• _Directions for this task_: Omit the images, then repeat the listing exactly.

• _Extracted entries_:
= Beginning of Section =

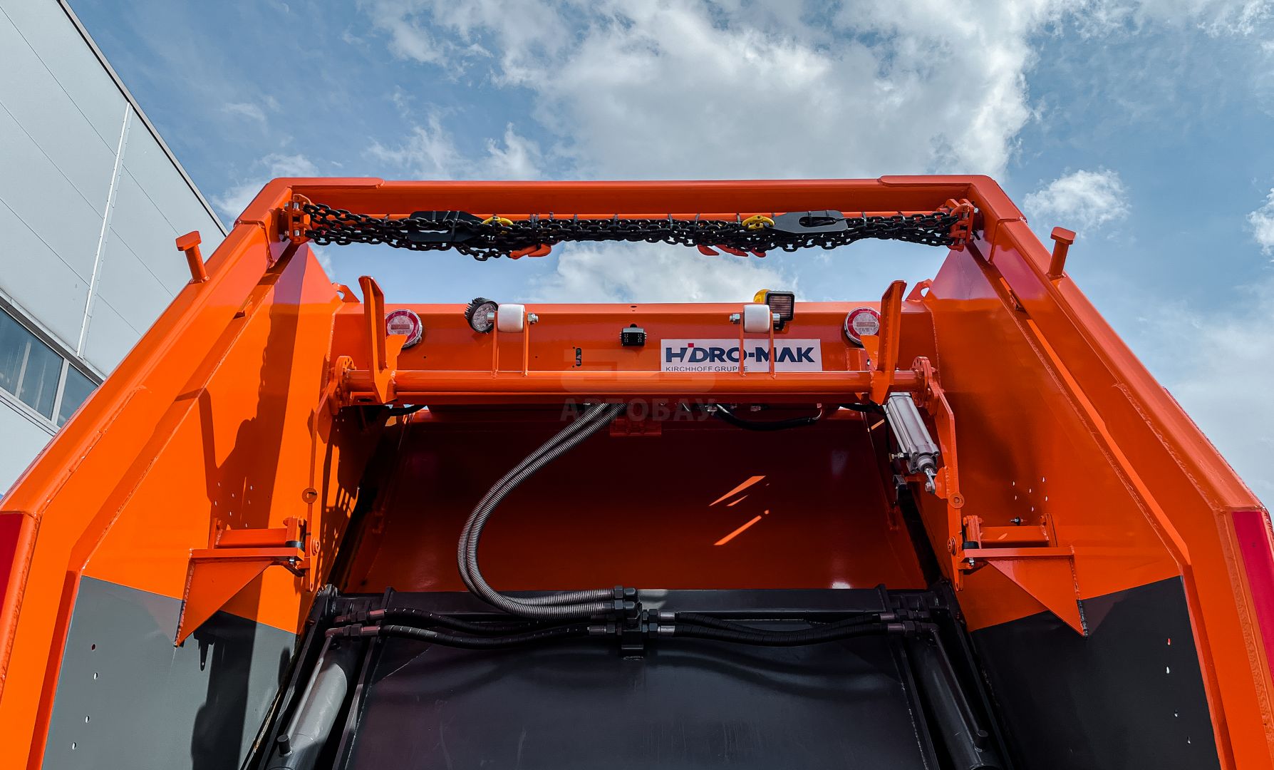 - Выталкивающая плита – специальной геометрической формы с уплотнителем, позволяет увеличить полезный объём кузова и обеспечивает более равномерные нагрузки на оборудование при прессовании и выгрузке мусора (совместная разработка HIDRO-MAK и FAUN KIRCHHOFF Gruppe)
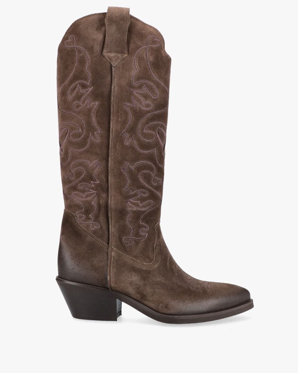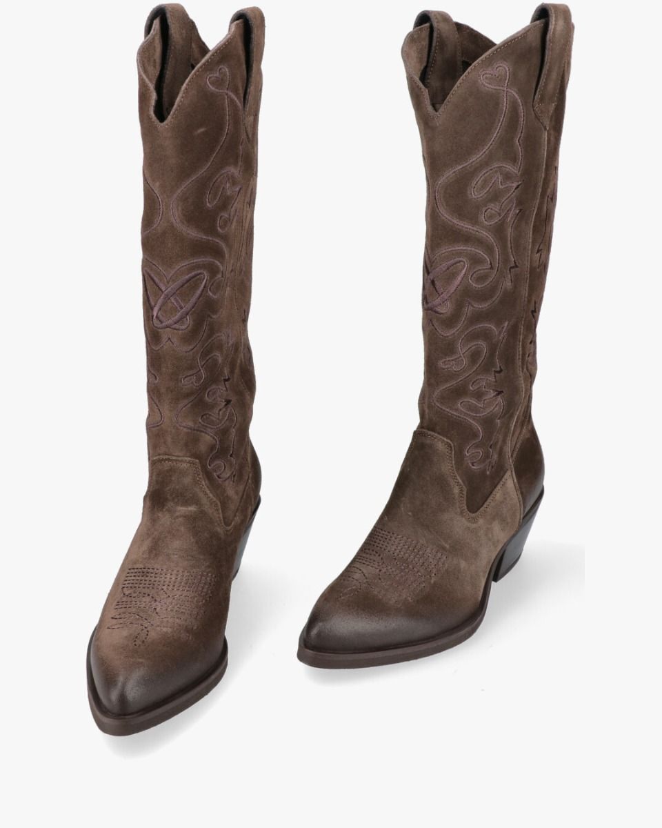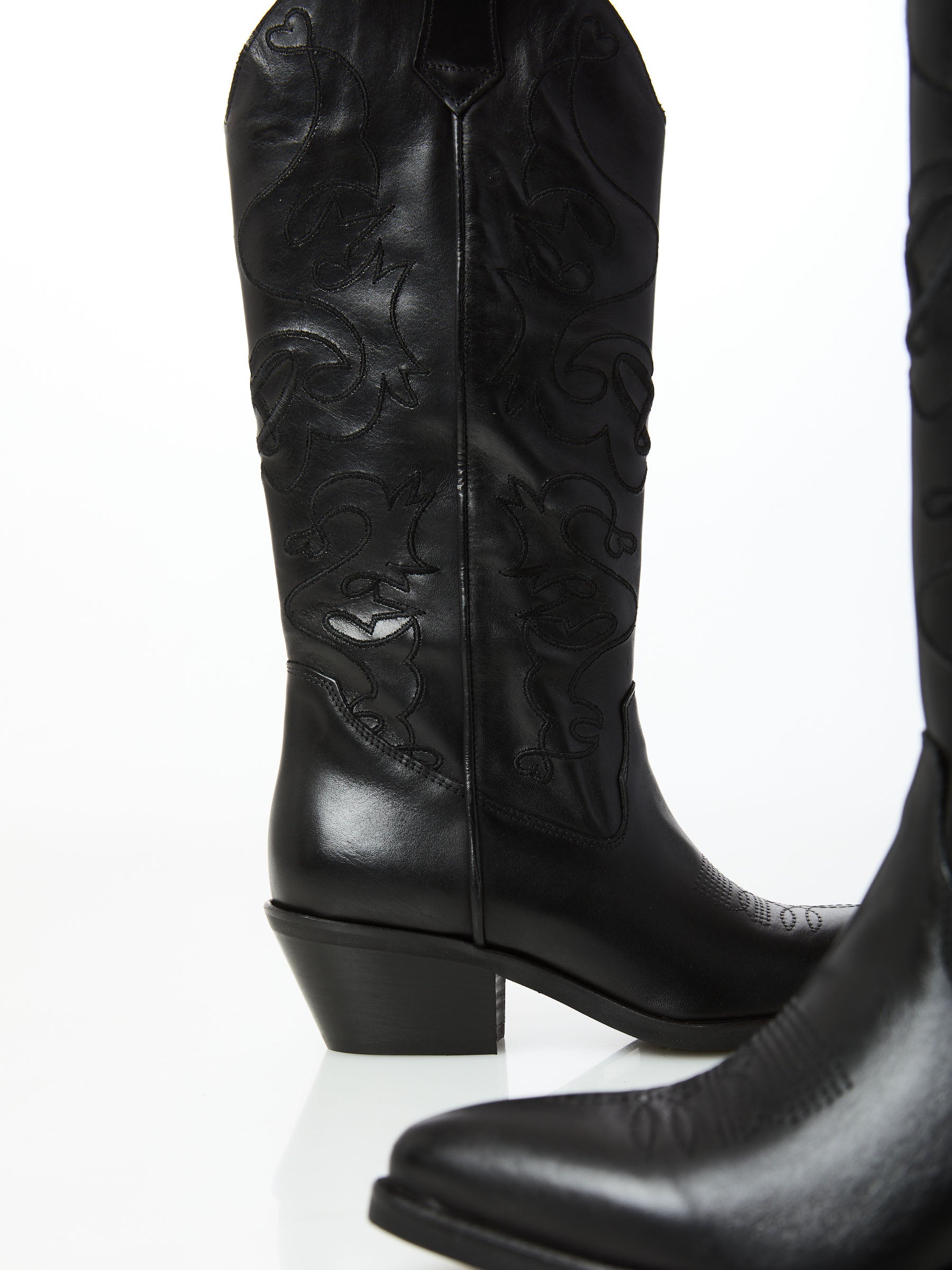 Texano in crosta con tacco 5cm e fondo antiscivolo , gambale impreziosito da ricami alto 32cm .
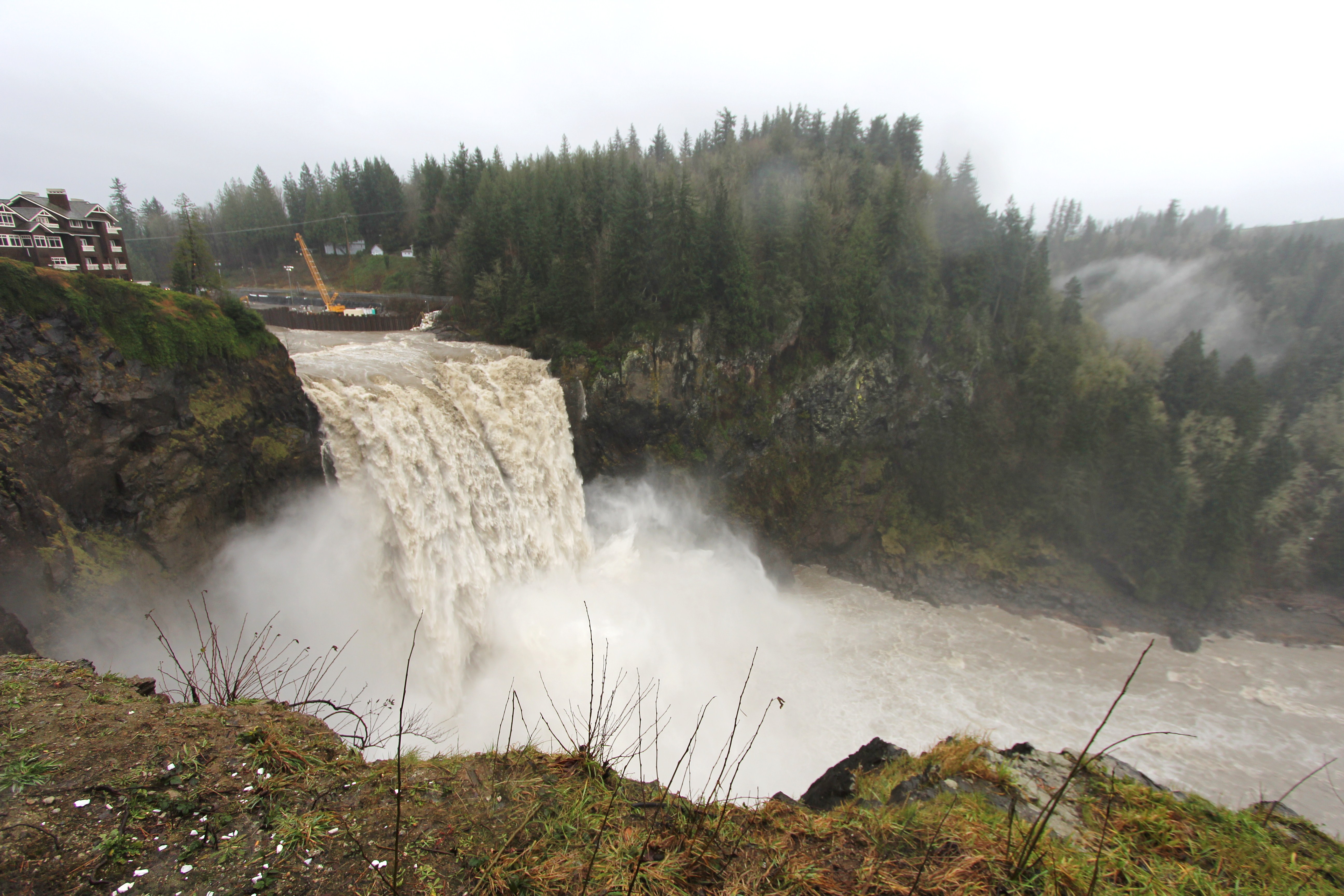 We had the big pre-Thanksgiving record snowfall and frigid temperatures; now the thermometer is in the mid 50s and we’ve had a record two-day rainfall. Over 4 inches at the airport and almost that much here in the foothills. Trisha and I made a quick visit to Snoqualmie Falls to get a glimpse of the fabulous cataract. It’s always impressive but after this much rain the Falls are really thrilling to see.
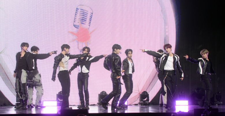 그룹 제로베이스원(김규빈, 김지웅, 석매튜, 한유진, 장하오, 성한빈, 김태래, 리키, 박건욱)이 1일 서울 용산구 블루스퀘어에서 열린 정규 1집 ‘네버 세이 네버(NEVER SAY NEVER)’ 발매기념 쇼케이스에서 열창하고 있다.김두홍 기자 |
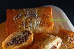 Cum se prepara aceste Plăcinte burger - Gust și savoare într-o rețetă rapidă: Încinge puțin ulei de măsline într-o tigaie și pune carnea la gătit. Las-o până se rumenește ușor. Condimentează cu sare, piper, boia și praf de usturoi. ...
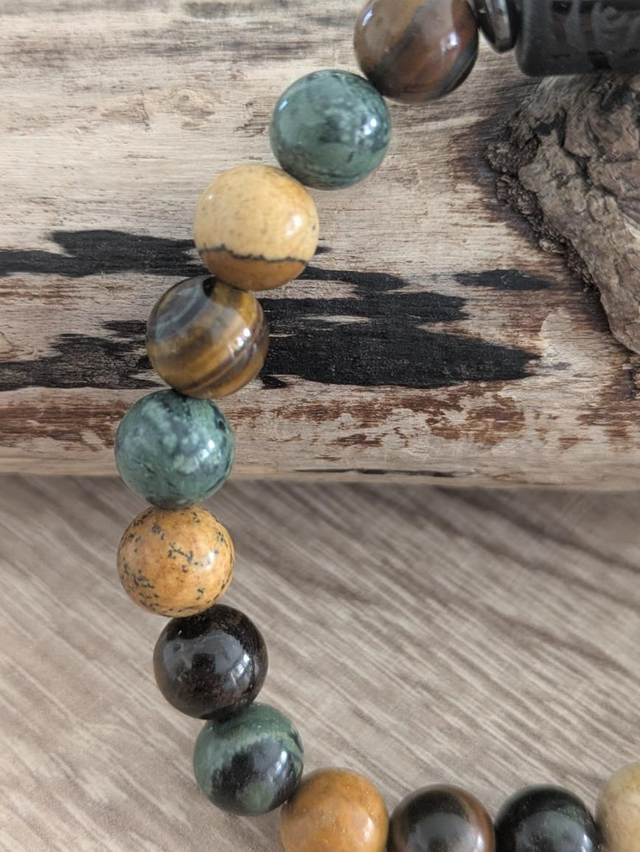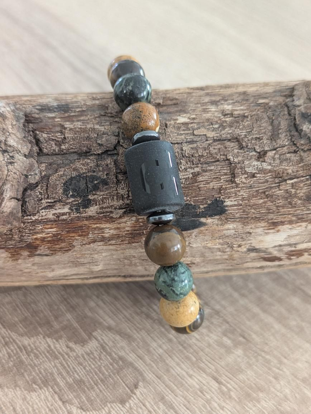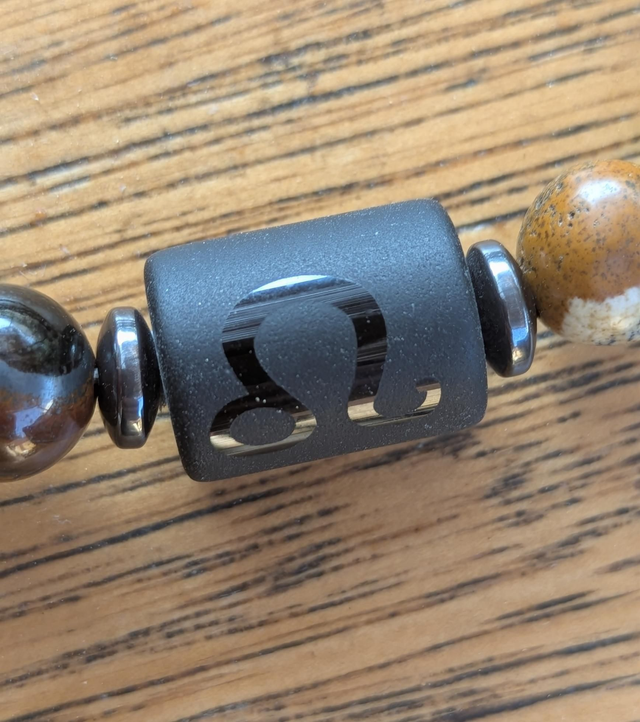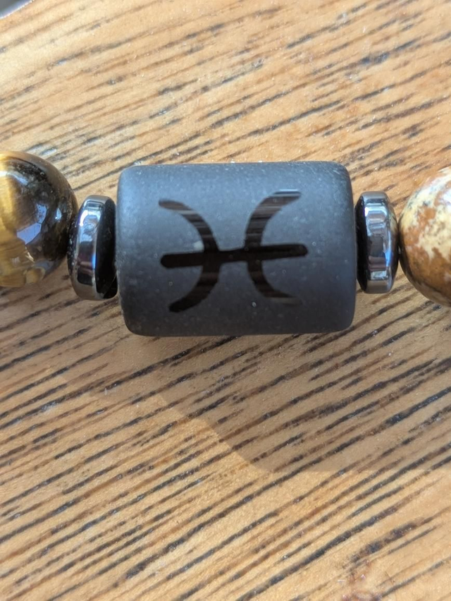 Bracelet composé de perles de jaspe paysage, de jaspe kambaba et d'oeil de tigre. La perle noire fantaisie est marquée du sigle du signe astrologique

= End of Section =

• _Written solution_:
 - Выталкивающая плита – специальной геометрической формы с уплотнителем, позволяет увеличить полезный объём кузова и обеспечивает более равномерные нагрузки на оборудование при прессовании и выгрузке мусора (совместная разработка HIDRO-MAK и FAUN KIRCHHOFF Gruppe)
 Texano in crosta con tacco 5cm e fondo antiscivolo , gambale impreziosito da ricami alto 32cm .
 We had the big pre-Thanksgiving record snowfall and frigid temperatures; now the thermometer is in the mid 50s and we’ve had a record two-day rainfall. Over 4 inches at the airport and almost that much here in the foothills. Trisha and I made a quick visit to Snoqualmie Falls to get a glimpse of the fabulous cataract. It’s always impressive but after this much rain the Falls are really thrilling to see.
 그룹 제로베이스원(김규빈, 김지웅, 석매튜, 한유진, 장하오, 성한빈, 김태래, 리키, 박건욱)이 1일 서울 용산구 블루스퀘어에서 열린 정규 1집 ‘네버 세이 네버(NEVER SAY NEVER)’ 발매기념 쇼케이스에서 열창하고 있다.김두홍 기자 |
 Cum se prepara aceste Plăcinte burger - Gust și savoare într-o rețetă rapidă: Încinge puțin ulei de măsline într-o tigaie și pune carnea la gătit. Las-o până se rumenește ușor. Condimentează cu sare, piper, boia și praf de usturoi. ...
 Bracelet composé de perles de jaspe paysage, de jaspe kambaba et d'oeil de tigre. La perle noire fantaisie est marquée du sigle du signe astrologique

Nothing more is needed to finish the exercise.